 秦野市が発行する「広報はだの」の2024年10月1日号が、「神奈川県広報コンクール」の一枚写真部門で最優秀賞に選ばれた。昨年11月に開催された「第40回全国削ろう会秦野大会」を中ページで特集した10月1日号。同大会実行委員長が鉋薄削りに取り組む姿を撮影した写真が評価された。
----
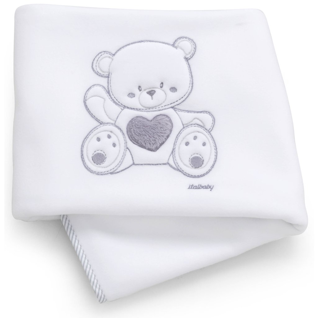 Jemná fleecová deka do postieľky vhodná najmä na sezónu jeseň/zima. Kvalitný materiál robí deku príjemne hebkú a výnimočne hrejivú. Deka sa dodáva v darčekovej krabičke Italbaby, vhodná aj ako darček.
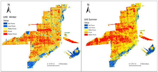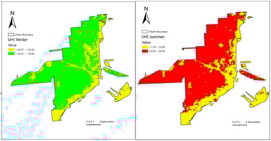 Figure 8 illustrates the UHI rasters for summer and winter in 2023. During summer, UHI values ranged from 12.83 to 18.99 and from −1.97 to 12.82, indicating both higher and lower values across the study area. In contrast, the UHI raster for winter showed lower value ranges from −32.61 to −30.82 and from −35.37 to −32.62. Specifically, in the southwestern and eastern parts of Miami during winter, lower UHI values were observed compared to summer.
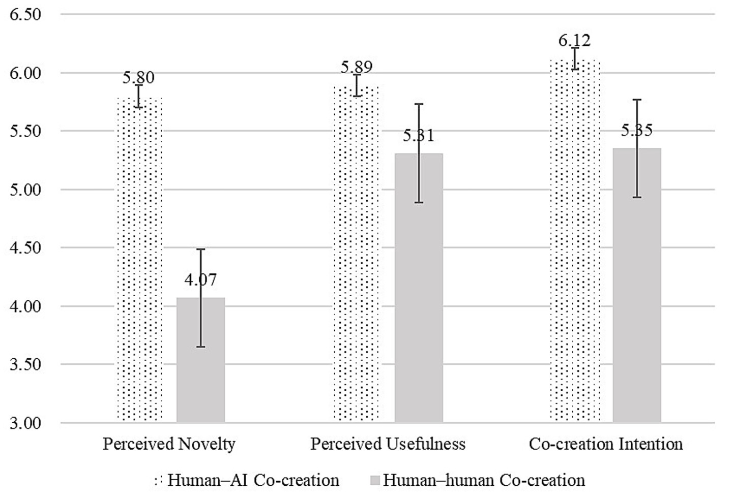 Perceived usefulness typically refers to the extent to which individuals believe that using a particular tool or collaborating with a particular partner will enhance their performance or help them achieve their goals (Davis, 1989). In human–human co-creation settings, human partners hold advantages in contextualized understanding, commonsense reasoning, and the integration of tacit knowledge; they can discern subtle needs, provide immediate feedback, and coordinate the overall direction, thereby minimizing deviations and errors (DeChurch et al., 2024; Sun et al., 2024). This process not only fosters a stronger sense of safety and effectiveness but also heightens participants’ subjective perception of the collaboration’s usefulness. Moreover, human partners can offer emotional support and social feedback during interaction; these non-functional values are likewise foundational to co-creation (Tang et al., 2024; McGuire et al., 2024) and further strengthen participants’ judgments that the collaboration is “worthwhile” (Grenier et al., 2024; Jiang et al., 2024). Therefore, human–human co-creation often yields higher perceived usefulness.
----
PROBLEM REQUIREMENTS: Please transcribe exactly the part of the records that opens with the line containing "Jemná fleecová deka" and closes with the line containing "Figure 8 illustrates", both ends included, and leave out the pictures.

SOLUTION TO THE EXERCISE:
 Jemná fleecová deka do postieľky vhodná najmä na sezónu jeseň/zima. Kvalitný materiál robí deku príjemne hebkú a výnimočne hrejivú. Deka sa dodáva v darčekovej krabičke Italbaby, vhodná aj ako darček.
 Figure 8 illustrates the UHI rasters for summer and winter in 2023. During summer, UHI values ranged from 12.83 to 18.99 and from −1.97 to 12.82, indicating both higher and lower values across the study area. In contrast, the UHI raster for winter showed lower value ranges from −32.61 to −30.82 and from −35.37 to −32.62. Specifically, in the southwestern and eastern parts of Miami during winter, lower UHI values were observed compared to summer.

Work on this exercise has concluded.